I'm a decent climber, and a pretty good descender (for a female), but the steady grade-into-the-wind stuff just kills me. it eats up every ounce of energy I have, and spits back a general sense of depletion and frustration. I want to be moving more quickly. my muscles cry out that they're giving it all they have: why is my body moving so slowly?

I kept thinking about how good this was for me. I certainly wasn't thinking about how much I was enjoying it.

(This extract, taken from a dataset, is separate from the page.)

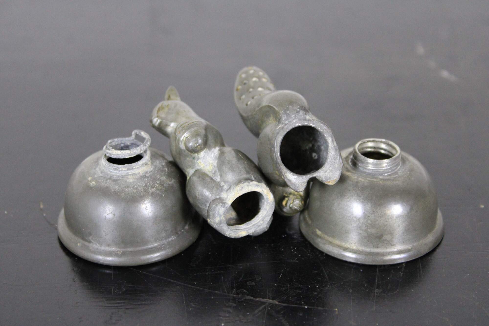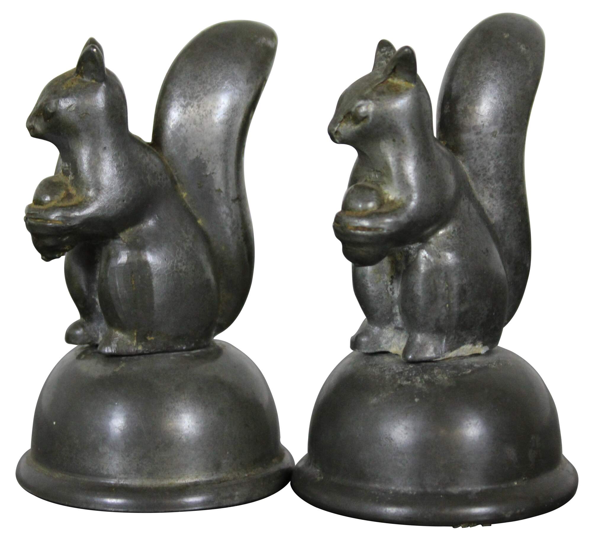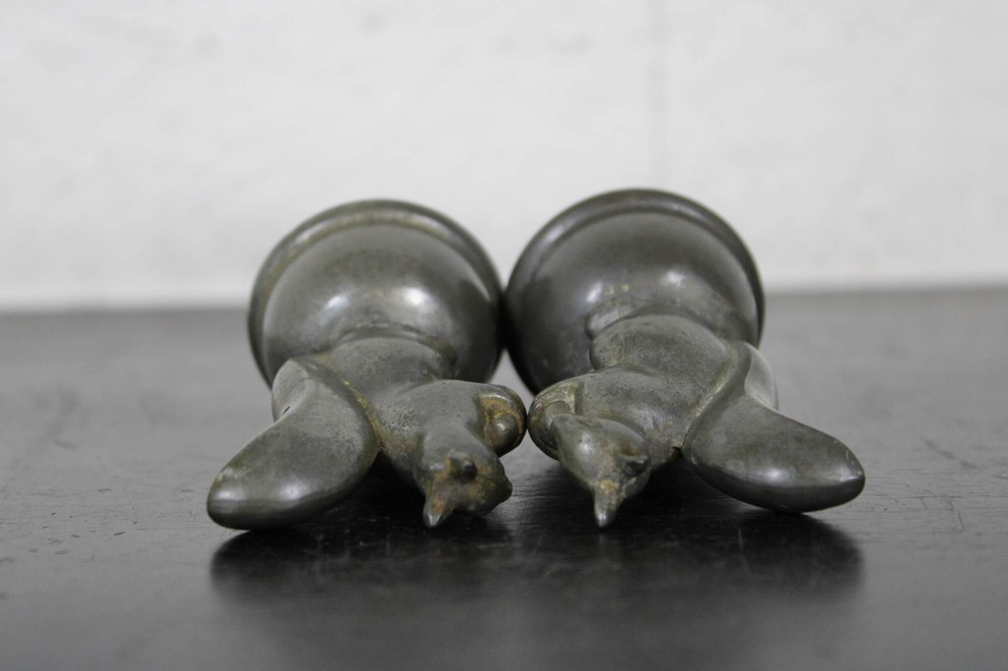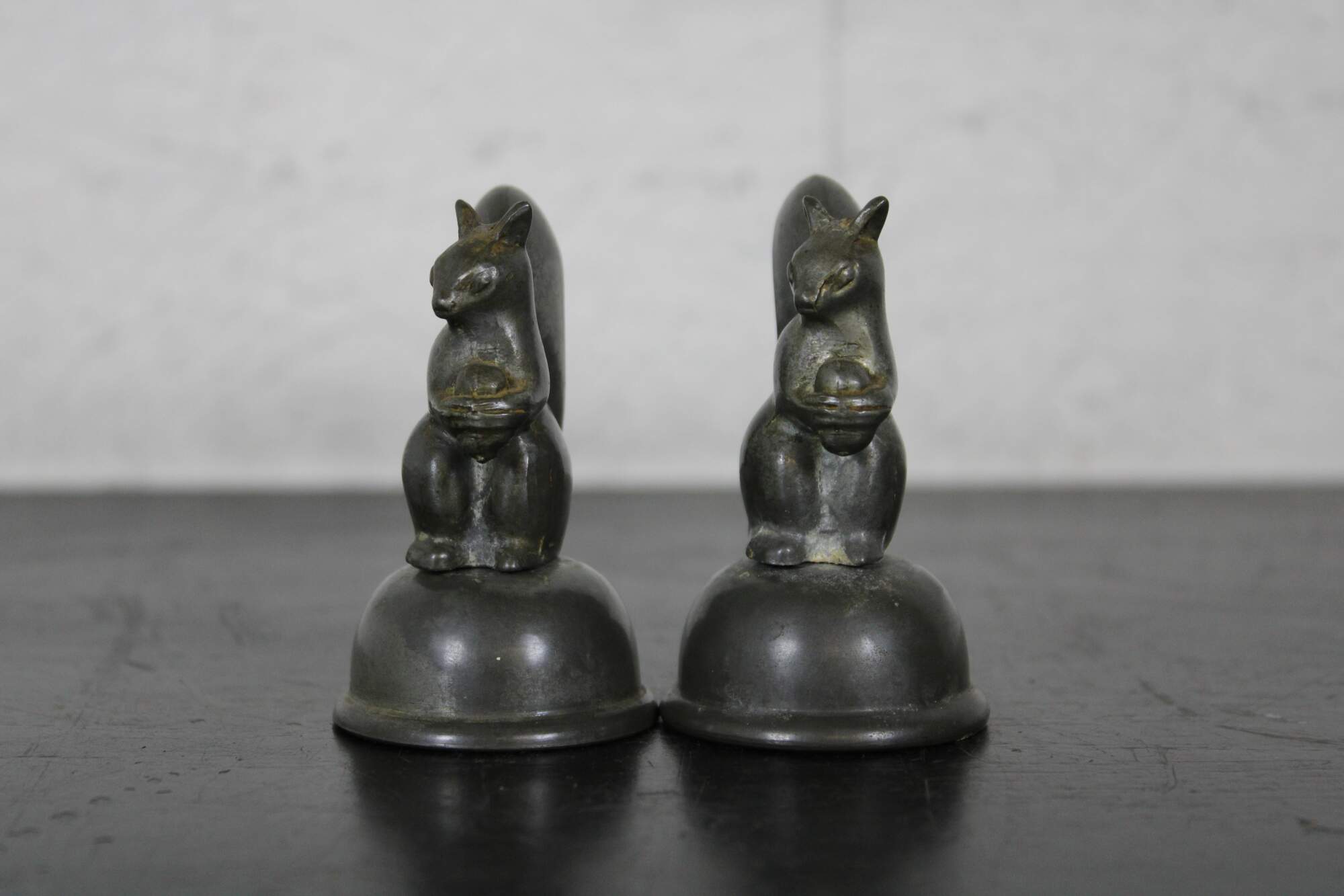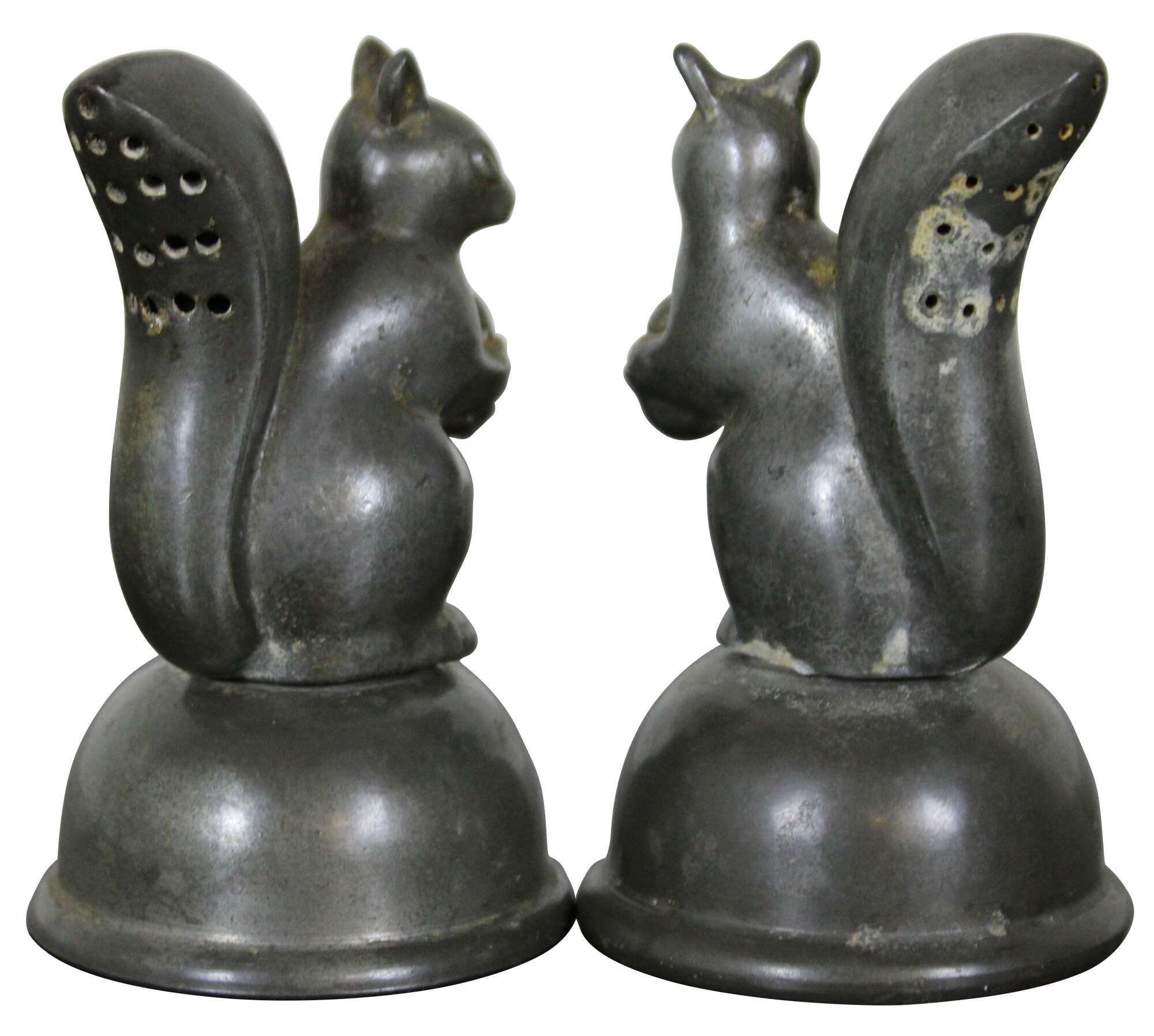 Vintage mid century modern pewter salt and pepper shakers in the shape of squirrels on round bases, holding a nut, hand made by The Danish Silversmith.

except, to be honest, for the moments when I looked at the snow-drenched mountain peaks: mount timpanogos and its range, and then as we turned directions and moved further north, glimpes of the high uintahs, still richly, densely white.
and the moments I gazed at jordanelle reservoir, and then those times I looked up at wind-whipped white clouds resting against the clear blue sky.
and the burro gnawing at a wooden post, the mottled farm cat who slunk across her yard, the horses whose necks stretched gracefully upward as they sniffed the wind.

the dogs who chased and barked at me, threatening to nip my shoes: not so much.

but it's one more ride to chalk up in my Book of Life, one more intense effort that will (supposedly) pay off.
and now I'm huddled in my jammies after my hot shower, having eaten everything I could find for the past two hours in an effort to replenish my depleted stores, ready to spend the next hour with a great book on my oh-so-comfy couch: this is my greatest, most favorite, reward.